Corruption - the misuse of entrusted power for private gain. Transparency International differentiates between according to rule corruption and against the rule corruption. Facilitation payments, where a bribe is paid to receive preferential treatment for something that the bribe receiver is required to do by law, constitute the former. The latter is a bribe paid to obtain services the bribe receiver is prohibited from providing. Corruption is often associated with illegal logging, for example handing out lucrative forest concessions to political associates, high-level political or military involvement in timber smuggling, and extracting bribes for processing and issuing harvest or transport permits. (Click on Issues/Governance and Corruption on the left hand menu for more information and a selection of relevant documents, news and events.)
Development Banks - these are generally publicly-funded institutions that support government investment in economic development in particular geographical regions. They do this through loans for projects that would not otherwise be commercially viable. The World Bank does this on a global scale, and there are also a number of regional development banks which serve particular regions, for example the African Development Bank or the European Bank for Reconstruction and Development. The World Bank provides similar support to the private sector through its sister organisation, the International Finance Corporation. In the past Development Banks have supported large commercial logging and timber processing projects in Asia and Africa, some of which may have encouraged illegal logging. Recently the World Bank has begun exploring ways in which it can support economic development in parallel with better governance in the forest sector.
Export credit agencies (ECAs) - public or para-statal institutions that provide government-subsidised loans, guarantees and risk insurance to corporations seeking to do business in countries where the investment climate is judged to be too risky for conventional corporate financing. Historically ECAs have supported the development of processing capacity, particularly pulp and paper mills in Indonesia, which have run on illegally-sourced timber. They are also involved in many large infrastructural projects, some of which are in high conservation value forest areas.
EU FLEGT Action Plan (European Union Forest Law, Enforcement, Governance and Trade) - adopted in 2003, the action plan is a document setting out the European Commissions range of efforts to stem illegal logging and the entry of illegally-logged timber into EU markets. The core components of the Action Plan are support for improved governance in wood-producing countries, and a licensing scheme to ensure only legal timber enters the EU. This licensing scheme will initially be implemented on a voluntary (but binding) basis, through a series of partnerships with wood-producing countries.

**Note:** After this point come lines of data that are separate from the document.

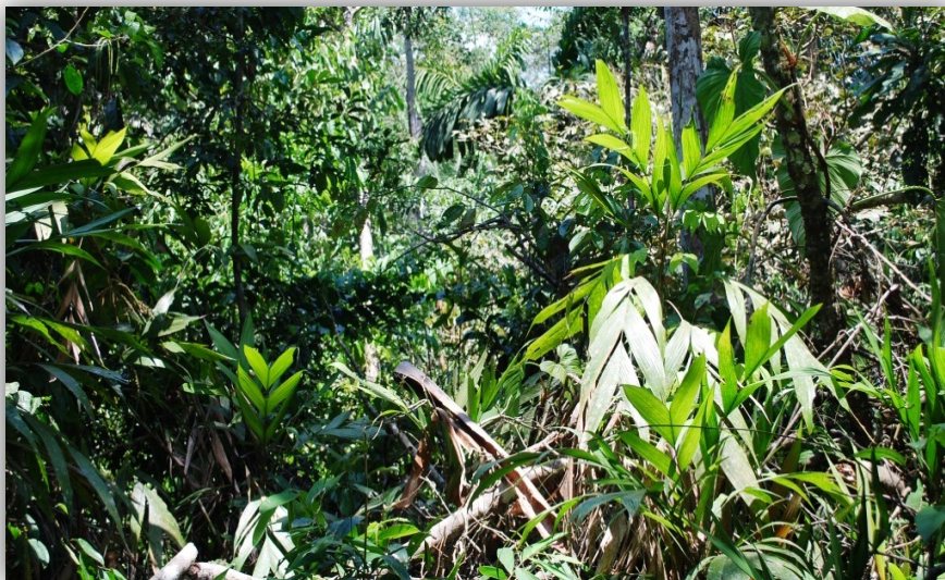
Foto 11. Bosques Siempreverdes Yungueños Basimontanos comprendido entre Sapecho y Alto Beni.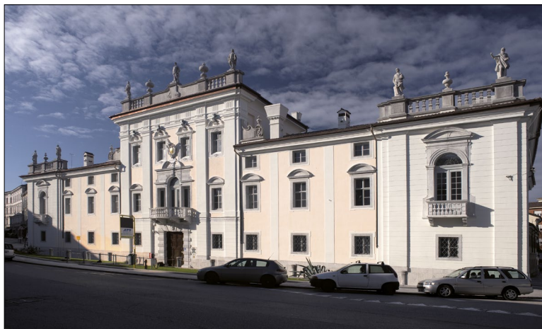
4. Palača Attems Petzenstein, Gorica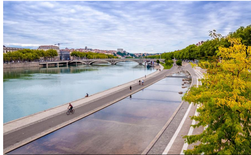
Les berges de la Saone à Lyon, France

À Lyon, par exemple, des places de stationnement ont été supprimées pour planter des arbres et introduire de la végétation.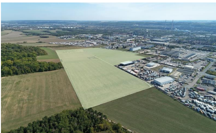
Vue aérienne des 15 ha de l'extension des Hauts-Reposoirs à Limay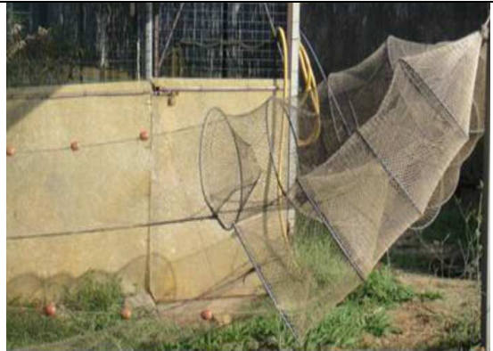
Bertavelli utilizzati per le catture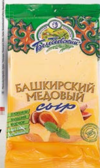
Сыр БАШКИРСКИЙ Белебеевский 50%, 220 г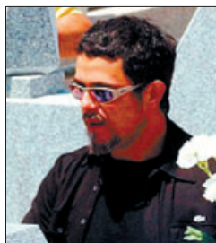
► Alejandro Sanz.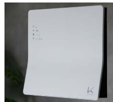
光触媒 除菌・消臭デバイス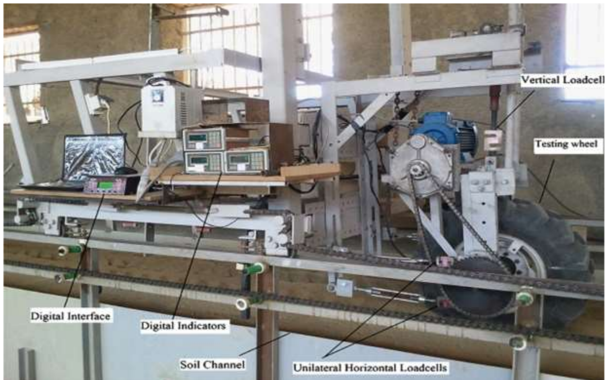
Рисунок 2 - Ґрунтовий канал для вимірювання параметрів роботи сільськогосподарських коліс [7]

Привід здійснювався двигуном постійного струму, що надавало можливість безступінчасто змінювати швидкість руху та обертання у широкому діапазоні. Установка мала додаткову систему керування моментом запуску та зупинки ротора. Узгоджувальний механізм, що координував поступальний рух візка та обертання ротору, містив зубчасту рейку. За допомогою установки отримано значний обсяг експериментальних матеріалів, використаних при створенні системи фрезерних та тягово-привідних машин [6].

Other elements of the Action Plan include co-operation with other major consumer markets, such as the US and Japan, to stop the trade illegally-harvested timber; and efforts to ensure on legally-harvested timber is sourced through public procurement contracts in the EU.

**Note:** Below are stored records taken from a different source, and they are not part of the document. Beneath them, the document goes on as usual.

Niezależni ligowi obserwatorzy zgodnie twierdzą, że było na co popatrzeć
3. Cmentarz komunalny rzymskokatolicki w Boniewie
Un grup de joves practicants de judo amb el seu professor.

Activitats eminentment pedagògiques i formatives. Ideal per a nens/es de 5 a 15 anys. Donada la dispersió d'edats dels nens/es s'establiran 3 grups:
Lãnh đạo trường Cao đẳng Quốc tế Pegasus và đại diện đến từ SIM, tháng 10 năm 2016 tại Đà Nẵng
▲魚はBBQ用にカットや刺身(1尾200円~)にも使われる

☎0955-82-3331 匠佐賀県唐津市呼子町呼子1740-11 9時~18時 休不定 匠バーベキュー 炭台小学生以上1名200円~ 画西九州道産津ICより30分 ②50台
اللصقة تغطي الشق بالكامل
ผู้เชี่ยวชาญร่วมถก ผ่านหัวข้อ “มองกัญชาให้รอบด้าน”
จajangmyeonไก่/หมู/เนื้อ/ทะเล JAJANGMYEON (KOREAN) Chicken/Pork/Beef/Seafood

Export/import duties - charges payable on shipments of timber or timber products when they are moved from one country to another. Different products have different levels of duty levied on them by exporting or importing governments, to create an incentive for a particular industry or sector. For example, if a country has a plywood processing industry but no forests of its own, it may choose to encourage establishment of domestic processing with a relatively low duty rate on imported round logs, but high rate on imported plywood. Similarly countries may impose export duties on logs or partially-processed wood products to encourage establishment of downstream processing.
FAO (United Nations Forests and Agriculture Organisation) - aims to help developing countries and countries in transition to modernize and improve their agriculture, forestry and fisheries practices to provide food for their populations. It serves as a home for negotiated agreements and policy debates as well as a source of technical knowledge and information.

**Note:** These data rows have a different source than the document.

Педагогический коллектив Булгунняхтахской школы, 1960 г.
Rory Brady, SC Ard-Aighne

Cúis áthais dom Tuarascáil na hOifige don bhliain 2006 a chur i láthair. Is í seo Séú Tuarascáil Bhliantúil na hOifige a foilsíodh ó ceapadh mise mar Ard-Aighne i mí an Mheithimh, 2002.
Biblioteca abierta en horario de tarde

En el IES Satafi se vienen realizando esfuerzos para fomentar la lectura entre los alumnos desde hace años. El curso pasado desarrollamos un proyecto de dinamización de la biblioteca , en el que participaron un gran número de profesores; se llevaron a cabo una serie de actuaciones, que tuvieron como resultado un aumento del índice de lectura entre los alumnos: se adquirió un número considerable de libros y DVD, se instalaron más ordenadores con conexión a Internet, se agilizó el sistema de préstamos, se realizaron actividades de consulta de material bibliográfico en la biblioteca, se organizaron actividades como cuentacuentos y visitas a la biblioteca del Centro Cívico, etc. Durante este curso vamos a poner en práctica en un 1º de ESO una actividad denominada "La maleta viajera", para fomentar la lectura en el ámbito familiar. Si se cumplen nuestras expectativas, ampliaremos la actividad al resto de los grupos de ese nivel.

FLEG (Forest Law, Enforcement and Governance) - these are regional initiatives that aim to secure high-level political commitment to strengthen forest governance and tackle problems of forest crime and associated trade in illegally-produced forest products. So far three FLEG processes have been initiated through Ministerial Conferences ' in East Asia (Bali, 2001); Africa (Yaound, 2003) and Europe and North Asia (St. Petersburg, 2005). These conferences have brought together producer and consumer country governments, representatives of civil society and industry, and technical experts to explore the roles that each group can play in solving the problems associated with illegal logging in their region. They have resulted in Ministerial Declarations with associated lists of indicative actions. It is intended that FLEG Conferences should be followed up through participants co-operation in implementing identified indicative actions.
Forest Management Unit (FMU) - an administrative structure to govern and manage a geographically determined forest area. Each forest management unit may include several forest compartments. Separate forest harvesting rights may be issued annually in a given forest management unit.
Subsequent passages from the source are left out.